Today’s multi-pronged release of cycling gear by Garmin is probably the company’s most decisive yet at fending off competitors to its lucrative head unit business. And in some ways, they’re probably even undercutting their own high-end head units to stave off competitors. For starts, we’ve got the new Edge 520 Plus.
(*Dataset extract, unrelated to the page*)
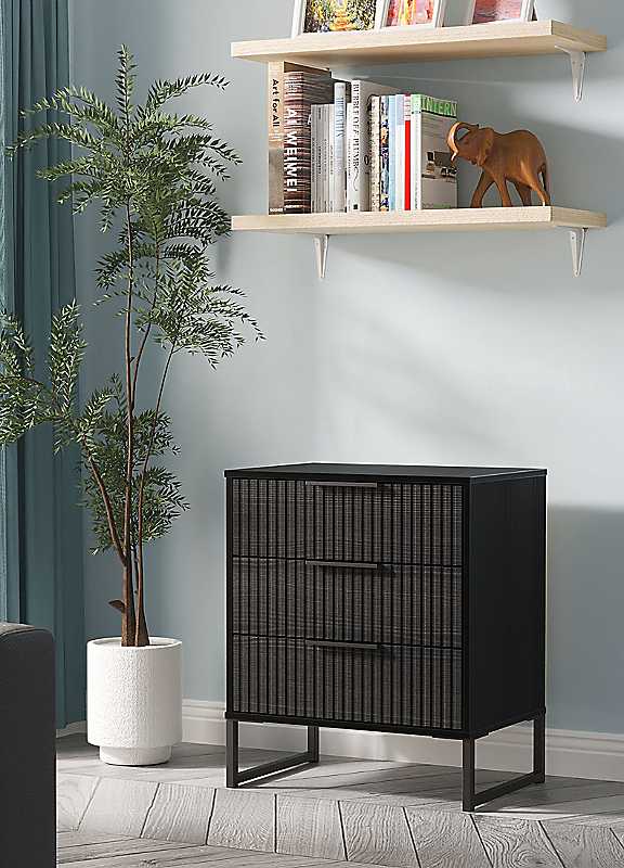 This 3 drawer bedside cabinet is wider than normal for added practicality. Perfect for any bedside or as a free standing storage unit. A new stand out range, with its new deep cut 'fluted' grove patten of the drawer and door fronts. Featuring black metal handles and black sleigh legs. A striking and individual range that is perfect for the modern home. All our furniture is made to order in the United Kingdom, to the highest quality using responsibly sourced materials. Furniture comes fully assembled (although items with legs will have those legs removed during transit to avoid damage). Ready AssembledWeight Capacity: 30kg Specifications Material: MFC & MDF Manufacturer's 1 year guarantee Product Care: Wipe clean onlyMade in the UK Weight of product 28kg Wall Anchor kit included Overall Assembled Dimensions Hx76 Wx58 D40cm Specification Leg Material: Metal

That takes the previous $249 Edge 520 and adds full-blown mapping to it (including turn by turn navigation), along with a handful of other features like rider to rider messaging. The cost? A mere $30 price increase to $279USD.
Then they’ve got the Edge 130 – which is sorta like an Edge 520-lite, carrying a huge number of features into a relatively tiny lightweight device. That unit appears targeted at the Lezyne product line as well as long rumored Wahoo MINI+GPS units. In many ways, I think I’m actually far more impressed by the Edge 130 than the Edge 520 Plus. But you can read all about the Edge 130 in my full in-depth review.
And lastly, there was the new RTL510 bike-light radar combo-dish. That’s cool too, though not really game-changing. And they don’t face any radar-specific competitors either. Still, nifty stuff.
This post, however, is about the Edge 520 Plus, so let’s dive right into things.
There’s a few ways I expect that folks will try and explain the Edge 520 to potential suitors. Be it a bike shop or another review site, there’s basically two core ways to look at it:
A) It’s an Edge 520 with full-blown routable maps B) It’s a smaller Edge 820 without the touch screen
Or I suppose, even one more way:
C) It’s a smaller Edge 1030 without the touch screen
But in reality, none of these ways is super exact. The closest is variant ‘A’ above, but it goes a bit more than that. The reason that answers B/C aren’t exactly correct is that the Edge 520 lacks a couple of core things that those units have, specifically:
– Doesn’t have point of interest (POI) or address database searching seen on the Edge 820/1030 (but does have the new Yelp app which kinda fits that hole) – Doesn’t have advanced FirstBeat training load/recovery metrics seen on the Edge 820/1030
There’s also more nuanced things of course like battery life, WiFi, touch screen, etc… But from a features standpoint, those two items above are really the biggies.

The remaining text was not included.